Task goal: What you write must match, character for character, the lines from the one with "2025년 1~10월 파룬궁수련자 중공의 부당한 판결 인원 통계" down to the one with "- Multiple logically" in the listing below, minus its pictures.

Data in this exercise:
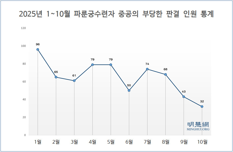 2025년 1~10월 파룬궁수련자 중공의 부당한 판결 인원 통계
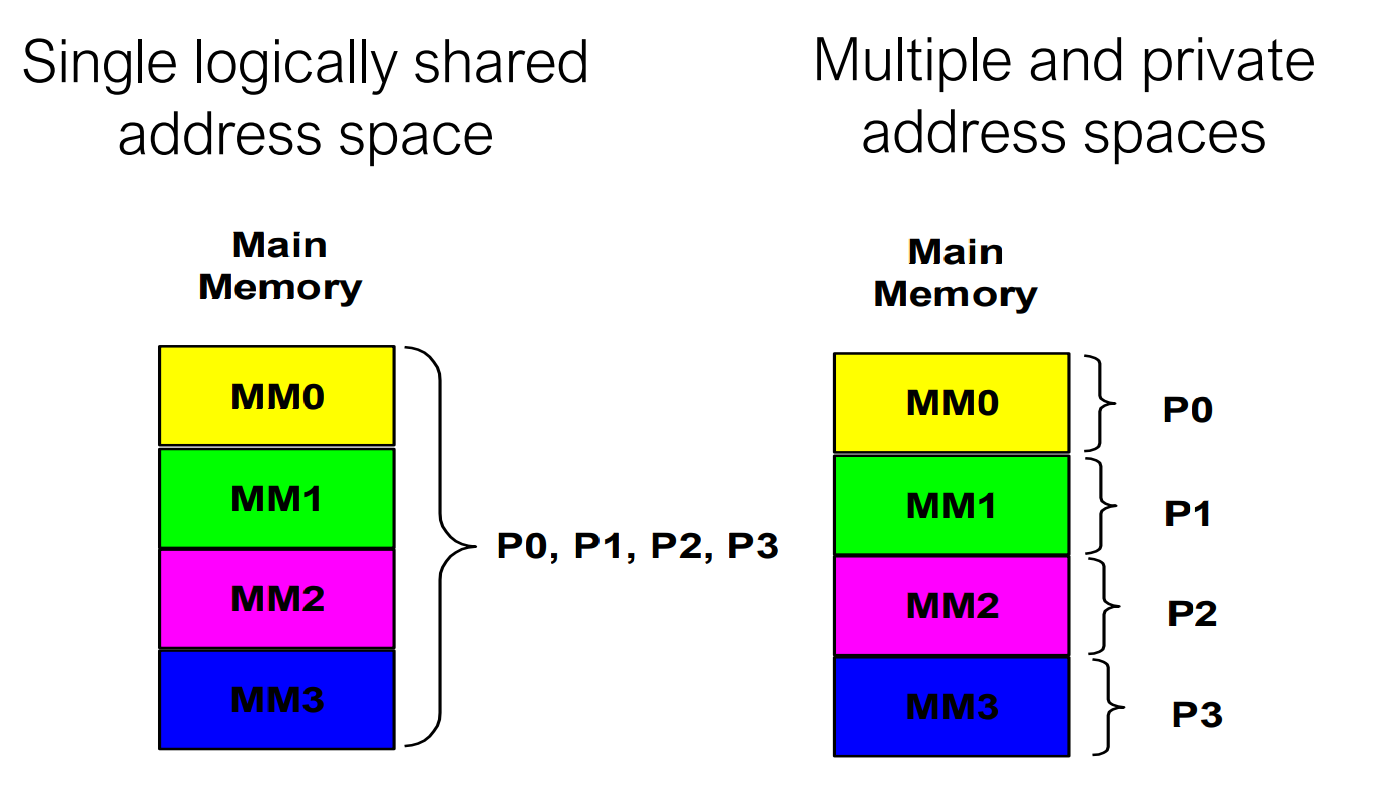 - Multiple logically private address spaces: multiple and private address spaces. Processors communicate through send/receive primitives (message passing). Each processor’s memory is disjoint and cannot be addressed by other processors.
==
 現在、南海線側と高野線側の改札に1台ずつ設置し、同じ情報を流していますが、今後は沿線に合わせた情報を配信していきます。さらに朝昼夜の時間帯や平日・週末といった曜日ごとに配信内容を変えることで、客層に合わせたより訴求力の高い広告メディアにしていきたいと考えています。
--
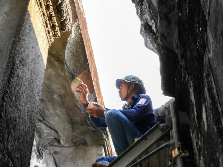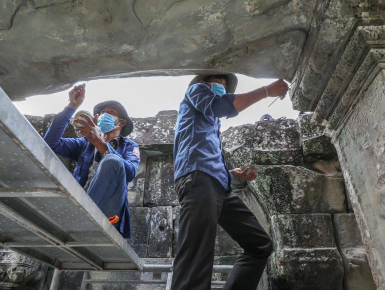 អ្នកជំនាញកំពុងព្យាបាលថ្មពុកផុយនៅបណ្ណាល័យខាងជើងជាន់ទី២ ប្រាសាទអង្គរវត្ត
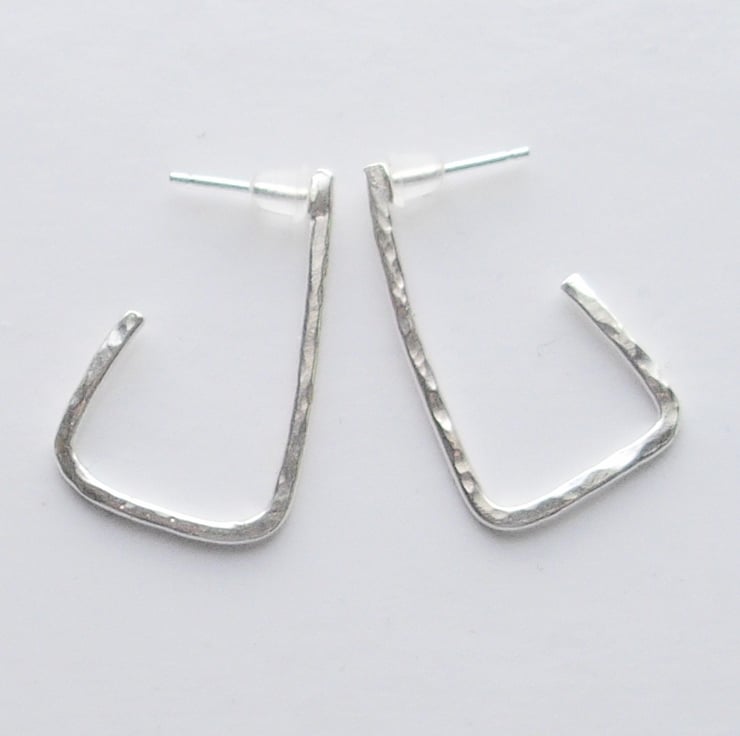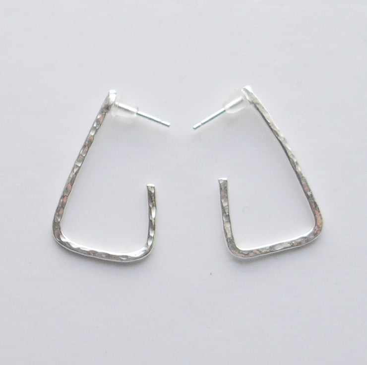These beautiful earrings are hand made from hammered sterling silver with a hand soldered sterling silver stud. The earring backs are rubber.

Answer space:
 2025년 1~10월 파룬궁수련자 중공의 부당한 판결 인원 통계
 - Multiple logically private address spaces: multiple and private address spaces. Processors communicate through send/receive primitives (message passing). Each processor’s memory is disjoint and cannot be addressed by other processors.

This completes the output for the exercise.